Installed features only consume space for their data, if they have any, but not for any of the code. How does that work? Hardlinks, a little-known feature of NTFS since Windows 2000 that allow the same file (and the same data) to be available from multiple locations in the directory hierarchy. The important part of measuring disk usage is that the vast majority of tools - Windows Explorer included - don't know or don't bother to know about hardlinks, which is partially why I wrote my own tool to explore this further.
Let's look at an example, C:\Windows\system32\shell32.dll ("Hardlink Scanner.exe" /F C:\Windows\system32\shell32.dll):
Breakdown for "C:\Windows\system32\shell32.dll"
===============================================
Unique ID: 8e0000000a1534
Hardlink count: 2
Naive file size: 25,794,560 bytes
Unique file size: 12,897,280 bytes
Kind of file: normal
Filenames:
\Windows\winsxs\amd64_microsoft-windows-shell32_31bf3856ad364e35_6.0.6001.18062_none_c808e76dca883949\shell32.dll
\Windows\System32\shell32.dll
In this example, it's clear this is a 64bit system as it is the "amd64" architecture that is linked into \Windows\system32. More important is that although both locations appear to have their own 12MB shell32.dll, using nearly 25MB in total, there is actually only one file and only 12MB of disk space is used.
Another example, the entire directory C:\Windows\SysWOW64 ("Hardlink Scanner.exe" C:\Windows\SysWOW64):
Hardlinks: Files Unique Files
<total> 4,278 4,275 ( 99%)
1 394 ( 9%) 394 ( 9%)
2 3,101 ( 72%) 3,101 ( 72%)
3 725 ( 16%) 725 ( 16%)
4 53 ( 1%) 50 ( 1%)
5 1 ( 0%) 1 ( 0%)
7 4 ( 0%) 4 ( 0%)
Here, about 90% of the files in the directory have at least one other hardlink that is outside this directory (you can work this out by comparing the "Files" and "Unique Files"; if the hardlinks were all inside this directory, the unique counts would be significantly lower).

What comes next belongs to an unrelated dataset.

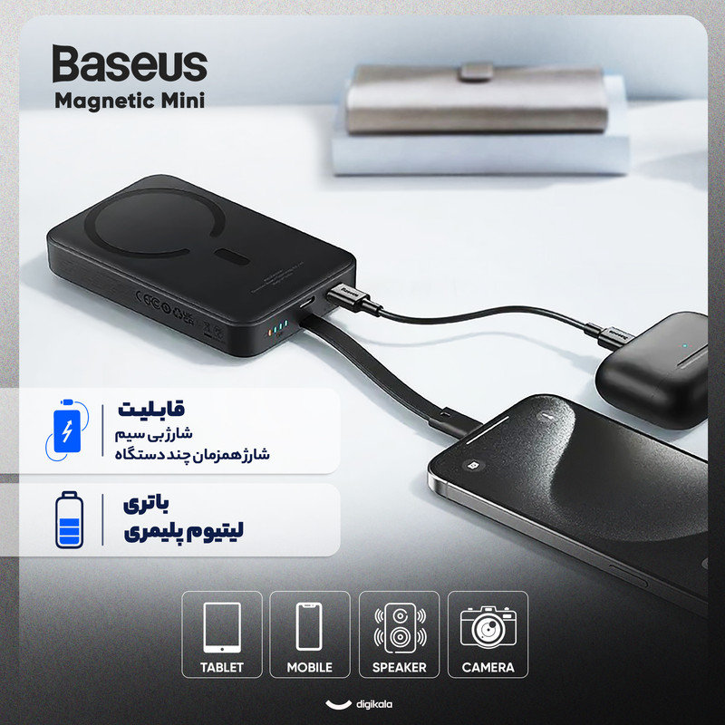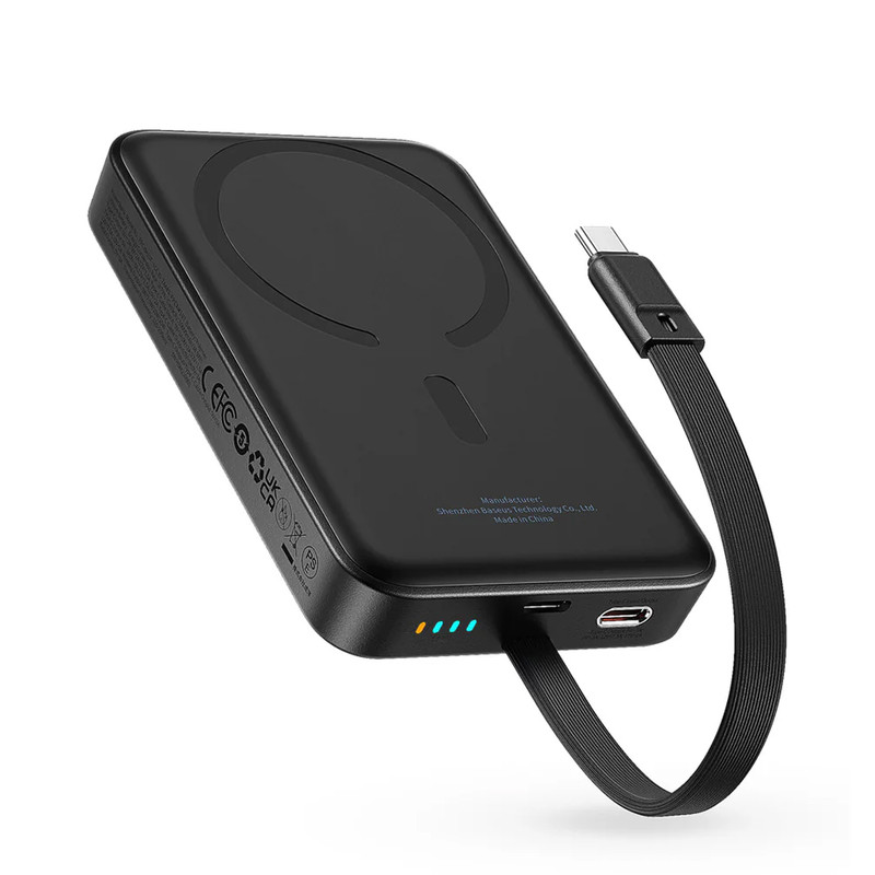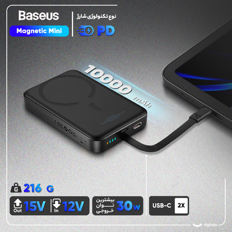 پاوربانک بیسوس مدل Magnetic Mini Wireless 10000mAh با فناوری شارژ بیسیم MagSafe و شارژ سریع 30 وات، همراهی بینظیر برای کاربران مدرن است. این پاوربانک با کابل داخلی USB-C دوطرفه و آهنرباهای قوی (10 نیوتن ≈ 22 پوند)، بهطور ایمن به گوشیهای سری آیفون 15/14/13/12 متصل میشود و شارژ سریع گوشیها، تبلتها و گجتهای USB-C را تضمین میکند. با وزن 216 گرم و طراحی جمعوجور (10.87 × 6.9 × 2 سانتیمتر)، این پاوربانک در رنگ مشکی کلاسیک، استایلی شیک به روزمرگی شما اضافه میکند.

The higher-than-2 hardlink counts also bring up another clever feature of the Windows Vista \Windows\winsxs directory. Let's have a look at the 32bit MPEG 2 decoder ("Hardlink Scanner.exe" /F C:\Windows\SysWOW64\Mpeg2Data.ax):
Breakdown for "C:\Windows\SysWOW64\Mpeg2Data.ax"
================================================
Unique ID: 100000004f2ab
Hardlink count: 4
Naive file size: 278,528 bytes
Unique file size: 69,632 bytes
Kind of file: normal
Filenames:
\Windows\winsxs\x86_microsoft-windows-v..e-filters-tvdigital_31bf3856ad364e35_6.0.6001.18061_none_dbbd58ec573f657a\Mpeg2Data.ax
\Windows\winsxs\x86_microsoft-windows-v..e-filters-tvdigital_31bf3856ad364e35_6.0.6001.18000_none_dbfd382a570fa47d\Mpeg2Data.ax
\Windows\SysWOW64\Mpeg2Data.ax
\Windows\winsxs\x86_microsoft-windows-v..e-filters-tvdigital_31bf3856ad364e35_6.0.6001.18115_none_dbf76b9657133c48\Mpeg2Data.ax
Although there are three different versions of this package, Mpeg2Data.ax didn't change between versions and so \Windows\winsxs has used hardlinks between the packages as well as to the final destination. That's reduced the space consumption to just 25% for this file.
What does the saving look like for the whole of \Windows? ("Hardlink Scanner.exe" C:\Windows):
Hardlinks: Files Unique Files
<total> 93,670 76,585 ( 81%)
1 61,354 ( 65%) 61,354 ( 80%)
2 22,750 ( 24%) 12,467 ( 16%)
3 6,117 ( 6%) 2,143 ( 2%)
4 552 ( 0%) 138 ( 0%)
5 1,365 ( 1%) 273 ( 0%)
6 796 ( 0%) 133 ( 0%)
7 329 ( 0%) 47 ( 0%)
8 200 ( 0%) 25 ( 0%)
9 18 ( 0%) 2 ( 0%)
10 30 ( 0%) 3 ( 0%)
Naive file size: 25,266,466,330
Unique file size: 19,881,302,264 ( 78%)
Difference: 5,385,164,066 ( 21%)
That's more than 5GB saved by using hardlinks within \Windows. Scanning my entire drive ("Hardlink Scanner.exe" C:), to include \Program Files (Internet Explorer and Media Player, for example) gives an overall difference of 5.9GB.
So, just takes those computed sizes from Windows Explorer (and other apps) with a little pinch of salt when dealing with Windows Vista's system files.
Code: Hardlink Scanner (x86), Hardlink Scanner (x64) and Hardlink Scanner source (Visual Studio 2008 Solution).